Task item:
Everything in the listing below should be repeated exactly, apart from the pictures.

Dataset excerpt:

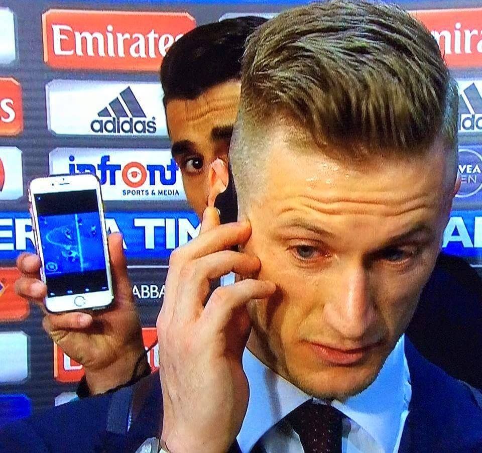 La "mano" del centrocampista rossoblù mostra in diretta Sky il rigore inesistente regalato al Milan
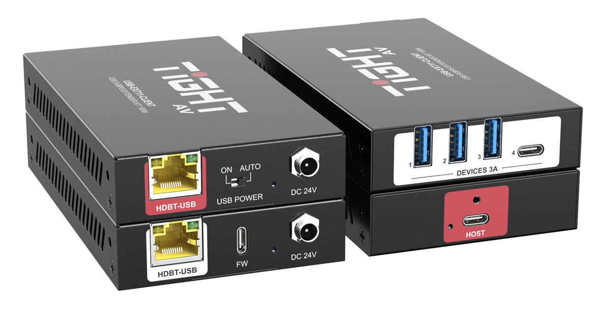 Extend your USB up to 100m with this USB 5G (USB 3.2 Gen2x1) Extender Kit over HDBTOn the HOST side you have your standard USB-C connector (with locking feature when using TiGHT AV USB-C cables) along with a FW updater port, a HDBT network connector and a power supply socket. Because of the PoC function you can decide on which end to power the kit via the power adapter.On the CLIENT side you have your 4 periferal USB ports. 3 USB-A ports and 1 USB-C port. In addition to the network connection and power supply socket you also have a switcher for the USB power in the kit.- If you set the switch to "On" the power for the USB ports will alwas stay on that can come in handy when changning hosts but you don´t want the USB units to go into sleep.
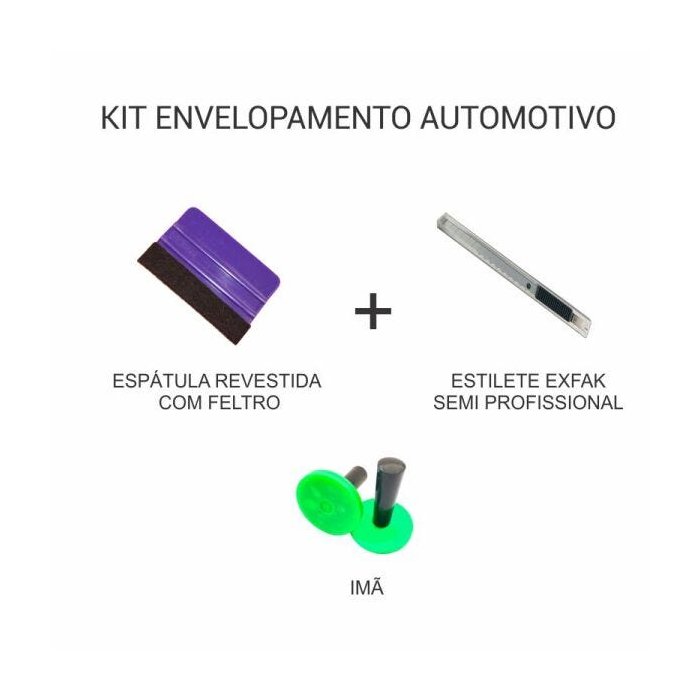 Kit de Envelopamento Automotivo. Kit de Ferramentas Profissional Para Aplicação de Envelopamento Automotivo, para quem pretende começar no ramo de envelopamentos ou quem precisa realizar este trabalho. Kit Composto dê: 01 Espátula Revestida com Feltro 01 Estilete Exfak Semi Profissional 01 Par de Imã. Obs: O tom da cor do material pode variar da cor vista na tela devido a configuração de cores do seu monitor.

Result for this task:
 La "mano" del centrocampista rossoblù mostra in diretta Sky il rigore inesistente regalato al Milan
 Extend your USB up to 100m with this USB 5G (USB 3.2 Gen2x1) Extender Kit over HDBTOn the HOST side you have your standard USB-C connector (with locking feature when using TiGHT AV USB-C cables) along with a FW updater port, a HDBT network connector and a power supply socket. Because of the PoC function you can decide on which end to power the kit via the power adapter.On the CLIENT side you have your 4 periferal USB ports. 3 USB-A ports and 1 USB-C port. In addition to the network connection and power supply socket you also have a switcher for the USB power in the kit.- If you set the switch to "On" the power for the USB ports will alwas stay on that can come in handy when changning hosts but you don´t want the USB units to go into sleep.
 Kit de Envelopamento Automotivo. Kit de Ferramentas Profissional Para Aplicação de Envelopamento Automotivo, para quem pretende começar no ramo de envelopamentos ou quem precisa realizar este trabalho. Kit Composto dê: 01 Espátula Revestida com Feltro 01 Estilete Exfak Semi Profissional 01 Par de Imã. Obs: O tom da cor do material pode variar da cor vista na tela devido a configuração de cores do seu monitor.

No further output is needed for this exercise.